Evolutionary psychology, for the unfamiliar, is a branch of psychology that tells stories about what early human experiences would have been like in hunter-gatherer times, and uses this framework to explain why social differences, such as the differences between men and women, are innate. It has been criticized for not being falsifiable, relying on storytelling and supposition rather than testable hypotheses and facts. Because it explains the current social order as based in nature and fundamentally unchangeable it is beloved by conservatives, whose political motivation is to resist attempts at positive social change.
The heart of the disagreement among feminist women who either support or oppose trans rights, according to Welsch, is whether it is “in women’s interests to acknowledge innate psychological differences in males and females.” There’s a bit of throat clearing where Welsch makes clear she understands that conservatives have used evo psych claims to support conservative agendas to roll back women’s equality in public life (selling this as beneficial to women because they will be much happier in their natural, subordinate roles), then launches in to two full paragraphs of credulous, poorly written, evo psych twaddle.
Here, have a screenshot:
This is, finally, gender-critical feminism laid bare. Gender-critical feminism (or “reality based feminism” as Welsch calls it) is a politically conservative attempt to sell women on the idea that they’d be happier if they simply accepted they were different from (and naturally subordinate to) men.

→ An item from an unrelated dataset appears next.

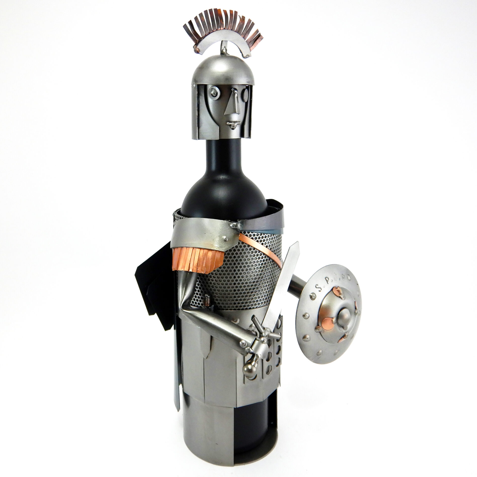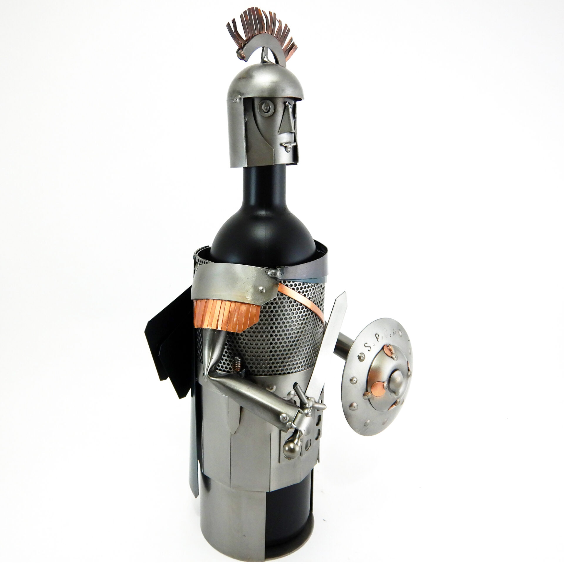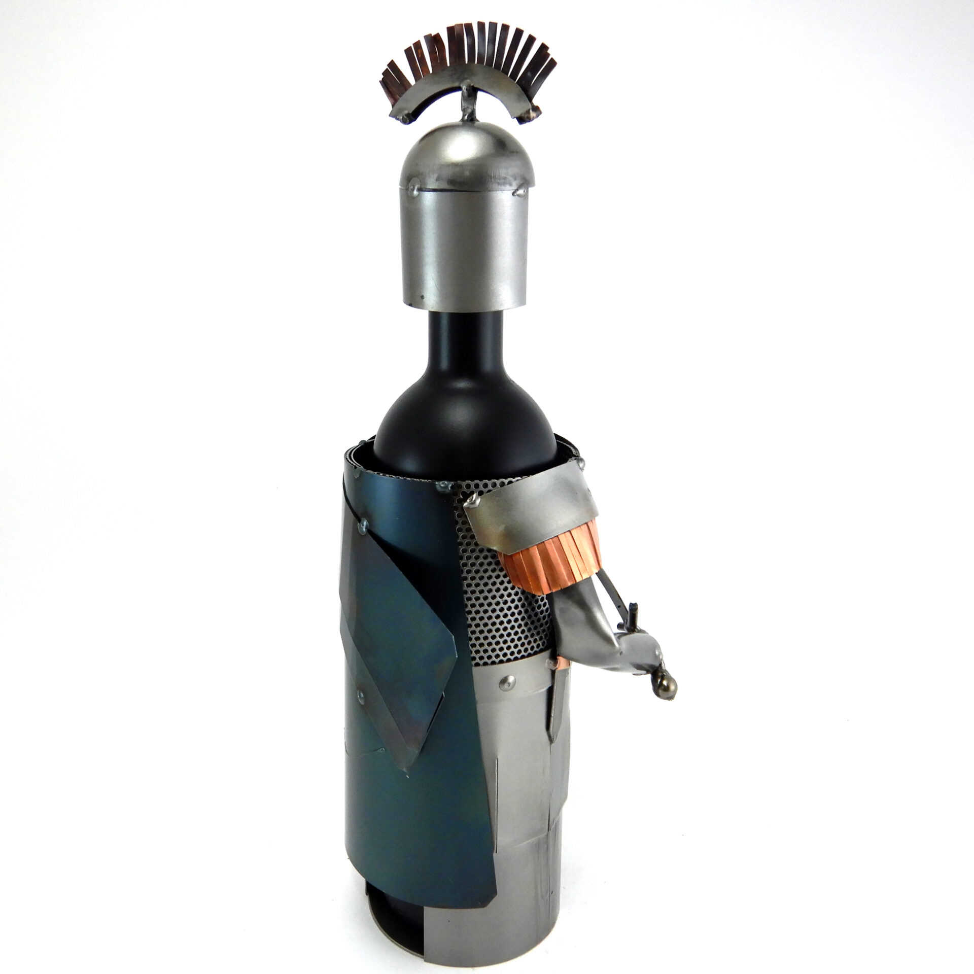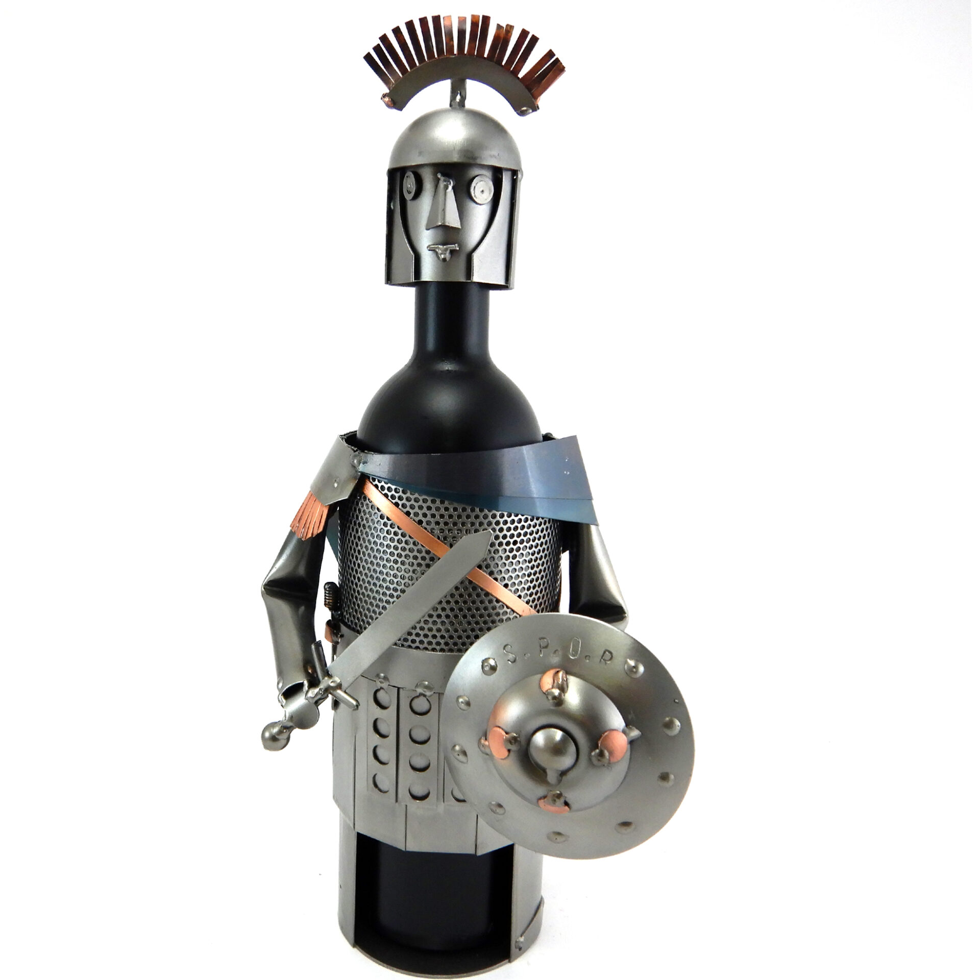 SCULTURA IN METALLO ARTIGIANALE PORTA BOTTIGLIA RAFFIGURANTE ARMATURA DEL CENTURIONE ROMANO CON SPADA, SCUDO ROTONDO E INSERTI IN RAME.

Did you catch the full absurdity of this move? Welsch above explained that she believes cis women support trans women, not because they believe it is right, but pragmatically, to get ahead in their careers. Doing or saying something amoral to get ahead in your career, commonly called ambition, is more stereotypically associated with men. However, Welsch’s conservative worldview, which is based in innate sex differences as imagined by evolutionary psych, cannot allow women to be motivated by ambition for themselves. And, of course, Welsch’s anti-trans views cannot allow women to be motivated by their genuine beliefs about what’s right and wrong. So she turns back to evolutionary psych and comes up with women’s “comparatively greater preoccupation with survival and protecting our kin” as the reason why women are acting in ways she believes are pragmatic for the advancement of their careers.
This is one of those times when the tension of conservatives pretending that attacking trans women is the new feminism comes apart at the seams. In order to explain what gender-critical feminism is, Welsch is forced to rely on sexist notions that women are fundamentally inferior to men from birth. It’s the entire ballgame of gender-critical feminism, laid bare. It’s unpopular with women because the bargain it offers is the very bargain feminism developed to oppose: The patriarchy declares that it will keep women safe if only they accept a segregated and subordinate place. The vast weight of human history has shown this isn’t so: Treating men and women as having fundamentally different intelligences, motivations, and drives has always been part of attempts to exclude, segregate, and diminish women as equals. Welsch’s flimsy attempt to explain women’s career ambition as somehow evolutionarily different from men’s ambition doesn’t alter this in any way. It’s just a sad reiteration of the commitment of gender-critical women to the slow erosion of equal rights in favor of “sex based” rights whose real aim is to relegate women back to a separated and subordinated place in public life.